Paraclinical Diagnosis Normal radiography of the skull allows us to identify the symptom of "finger impressions" and the divergence of the sutures. According to craniograms, it is possible to assume the type of hydrocephalus: for example, the small dimensions of the posterior cranial fossa indicate the stenosis of the aqueduct, and the larger dimensions - on the Dandy-Walker syndrome. Ultrasonography helps to assess the degree of expansion of the ventricles of the brain and can reveal an intraventricular hemorrhage. This is a simple, inexpensive study that can be performed at the patient's bed and which is especially suitable for premature infants with unstable clinical condition. It can be repeated until the fontanelle is overgrown. This method is also useful for intrauterine diagnosis of hydrocephalus CT allows to obtain a much more accurate image of the ventricular system and to detect in some cases intra-gingival septa. It also identifies such accompanying anomalies as Arnold-Chiari malformation. This study is especially useful in obstructive hydrocephalus, which is caused by a tumor or vascular anomaly. With the multi-chambered ventricular system, the introduction of a contrast medium into various cavities makes it possible to assess their communicability. MRI should be used in cases of a combination of hydrocephalus with tumors and vascular malformations, as well as with multichamber ventricles.

Angiography is indicated in cases of a combination of hydrocephalus with malformations of the veins of Galen and other vascular anomalies.

Treatment Remove the cause of obstruction of the CSF, if possible (eg, tumors). The shunting of the CSF into such cavities of the body, where it will be absorbed. Common shunting systems are ventriculoperitoneal, ventriculoatrial and lumboritoneal shunts. Ventriculopleural shunts and ventriculocisternostomy (according to Torkildsen) are used much less often. Ventriculourethroanastomosis and ventriculocholecystostomy are rarely used.

Ventriculostomy of the third ventricle consists in creating a surgical communication between the third ventricle and intercostal cistern.

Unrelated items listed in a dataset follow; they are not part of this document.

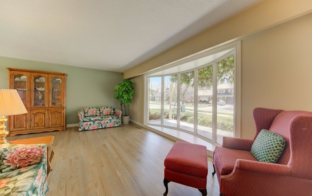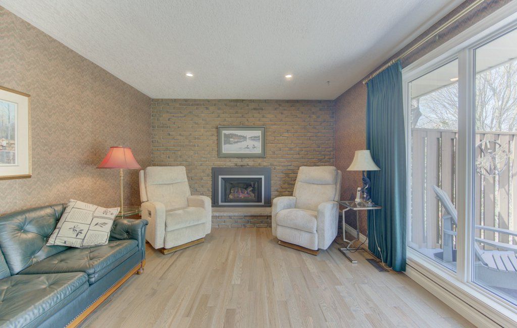 • Generous family room with floor-to-ceiling windows and gas fireplace.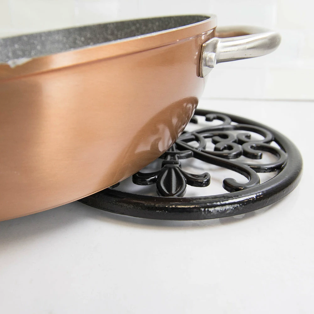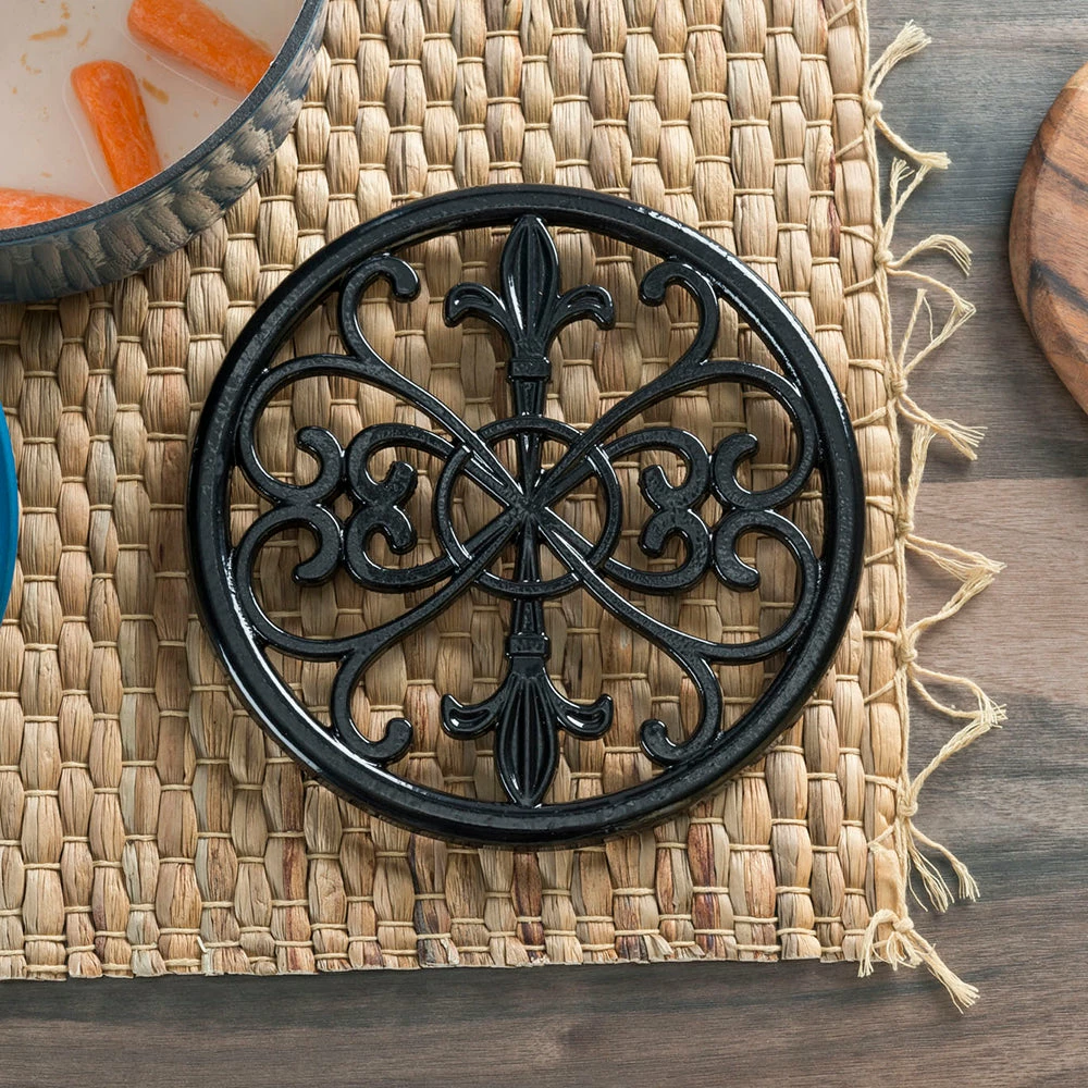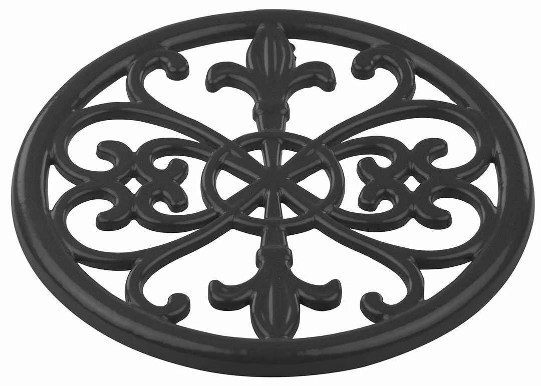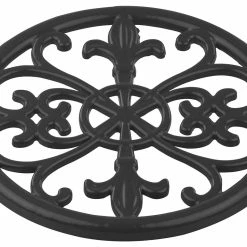 Enhance your kitchen decor and cookware with a charming chic flair by using this elegant trivet. Constructed of heavy duty cast iron with an enamel coating, it features a rounded base for ultra stability. It is great for holding sizzling hot pots and pans straight from the oven or stovetop, protecting your expensive counters and table tops from scratches and burns. With the timeless Fleur De Lis design, it works great as a decorative piece as well, creating visual interest. The black color also coordinated with your other kitchen appliances. Spot clean for easy maintenance.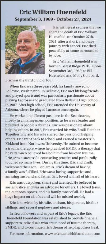 It is with great sadness that we share the death of Eric William Huenefeld, on October 27th, 2024, after a short, and brave journey with cancer. Eric died peacefully at home surrounded by love.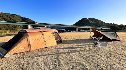 Read more3月5日、最高気温17度、最低気温5度の日にファミリーキャンプでお邪魔しました。 利用料が無料、予約不要、トイレと流し場があり、夏は水遊びができる芝の綺麗なキャンプ場ということで、好条件のキャンプ場になります。 当日はかなり冷えましたが、インナーシートとラグ、電気毛布と布団一式で底冷えを感じることなく眠ることができました。逆に日中は木陰など太陽光を遮るものがありませんので、むしろ暑いくらいでした。 これから気温が上がる春~夏は、タープの使用や着ていくものに工夫が必要です。 一方で、使用して感じた注意点があります。 ①イベント利用日がわかり難い キャンプ場の空き状況はホームページで事前に確認することができますが、肝心のホームページが非常に見づらいです。また、宿泊日の翌日がイベント利用日の場合、早朝から退出をお願いされることもあるので、滞在日から翌日まで空いているかを確認した方が良さそうです。 ファミリーキャンプであれば、市の管理課に直接電話問い合わせが確実だと思います。 ②山風が強烈 当日は風速1~2mの穏やかな予報でしたが、河川敷ということもあり、夕方から朝方まで球磨川上流からの山風が強烈に吹いていました。体感4~6mくらいでしょうか。 当日は最低気温5度ということもあり、夜8時くらいからとても寒く感じ、テントの隙間から風が入ってきて余計に冷えました。 テントの向き、固定については考慮した方が良さそうです。 ③電車の音が激しい キャンプ場には鉄道橋と高速道路が横断しており、鉄道には終電があるが、高速は夜間でもトラックが走り騒音がするだろうと鉄道橋付近にテントを張りましたが、これが誤算でした。 鉄道は夜間~夜中でも貨物が走っている上に、鉄道橋は通常の線路を走るよりも遥かに大きな音が出ます。さらに、八代駅方面からくる場合にはトンネルを抜けてキャンプ場に近づいてくるのですが、これがメガホンのような働きをするのか、かなり遠くからでも大きな音を出して近づいてきます。 風によるテントの擦れる音、川のゴウゴウとした流れる音、鉄道と高速の走行音と賑やかなキャンプ場なので、気になる方は耳栓等の工夫が必要かと思います。 ④ちょいトイレ遠い BサイトやCサイトからはトイレが結構遠いです。 これは仕方がないので、補足程度に。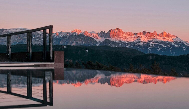 Der Blick schweift vom Schlern über den Rosengarten bis hinunter ins mediterrane Überetsch.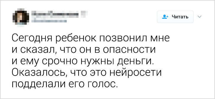 Проблема в тому, що цим досягненням науки цілком можуть скористатися шахраї, якщо їм вдасться роздобути запис вашого голосу. А зробити це цілком реально: дзвінки в лікарні, банки та інші установи записуються і зберігаються. Якщо ці дані потраплять до рук зловмисників, то одного разу ви можете отримати дивний дзвінок від дитини, чоловіка або батьків. Їх голос попросить у вас грошей на щось надзвичайно термінове і важливе.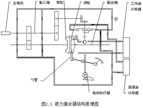 为适应机组工况的变化要求,在电动机转速恒定的情况下,调节勺管的开度,可改变偶合器工作腔里的充液量,不同的充液量可以得到不同的输出特性,因此,通过连续改变充液量既可实现输出轴的无级调速。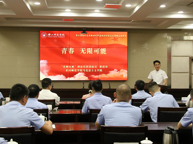 本网讯(文/黄淇玮 图/乐山新闻网)7月19日,由中共乐山市委宣传部、市委讲师团联合主办的“学习二十大 奋进新征程”“乐讲习语”乐山市基层理论宣讲活动在乐山市公安局举行。马克思主义学院“乐师红帆”理论宣讲团成员黄淇玮参加此次宣讲活动。
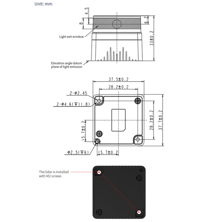 6. Laser emission pitch angle: 0.5°-2°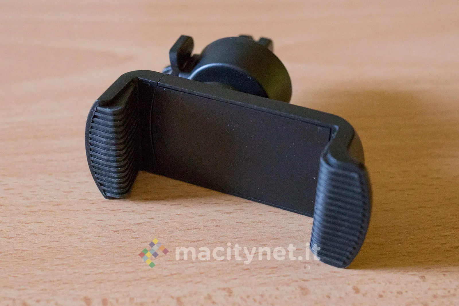 La stabilità del supporto è ulteriormente rafforzata da una copertura in gomma che ricopre la superficie a contatto con il resto della griglia. La clip predisposta per l’aggancio dello smartphone è collegata alla morsa attraverso una piccola testa a sfera che permette di orientare il telefono in qualsiasi posizione, orizzontale e verticale, oltre che di inclinarlo leggermente (circa 30 gradi) in tutte le direzioni, potendo così adattarne la fruibilità dello schermo del telefono tanto per il guidatore, quanto per il passeggero al suo fianco, pur mantenendo il sistema bloccato ad una delle griglie al centro dell’abitacolo.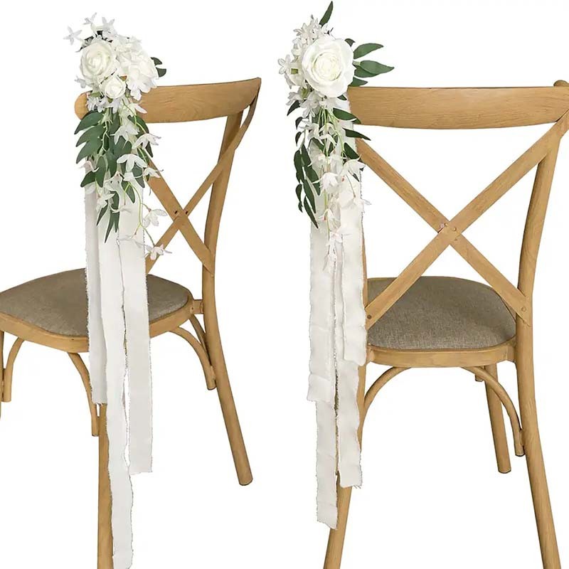 Chair back set hotel bow wedding decoration meeting Hotel chair flower banquet Balinese gauze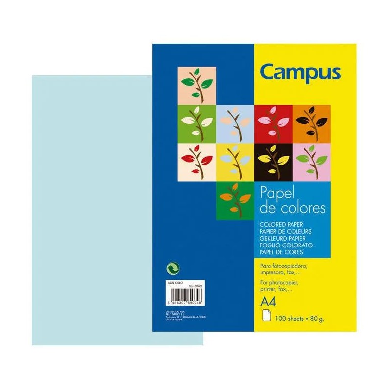 PAPEL FOTOCOPIA A4 80GR. 100FLS AZUL CELESTE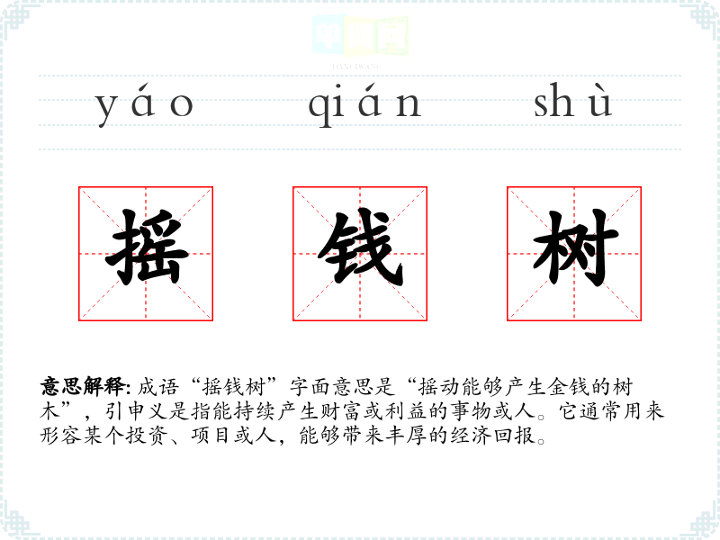成语“摇钱树”字面意思是“摇动能够产生金钱的树木”,引申义是指能持续产生财富或利益的事物或人。它通常用来形容某个投资、项目或人,能够带来丰厚的经济回报。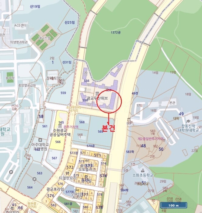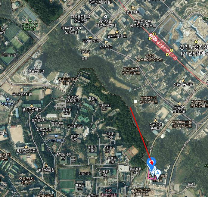 | 생활 | ㆍ광교두산사랑공인중개사사무소(70m)ㆍ두산위브부동산(91m)ㆍ추오정남원추어탕 광교점(266m)ㆍ티철판요리전문점(311m)ㆍ아주대학교 도구박물관(341m)ㆍ광교파트너공인중개사사무소(467m)ㆍ아주대학교 노천극장(469m)ㆍ아주대학교 소극장(528m)ㆍ금호부동산공인중개사사무소(542m)ㆍ듀쿠플(547m) |

There are no drugs for adequate treatment of hydrocephalus. However, in some patients, additional therapy with acetazolamide may be indicated.

Catamnesis Children with implanted shunts should be observed by neurosurgeons throughout their life. Infants should be examined more often due to the risk of an inconspicuous development of shunt dysfunction. After installing the shunt or after its revision, children should also be observed more often, with a gradual transition to surveys at a frequency of once a year.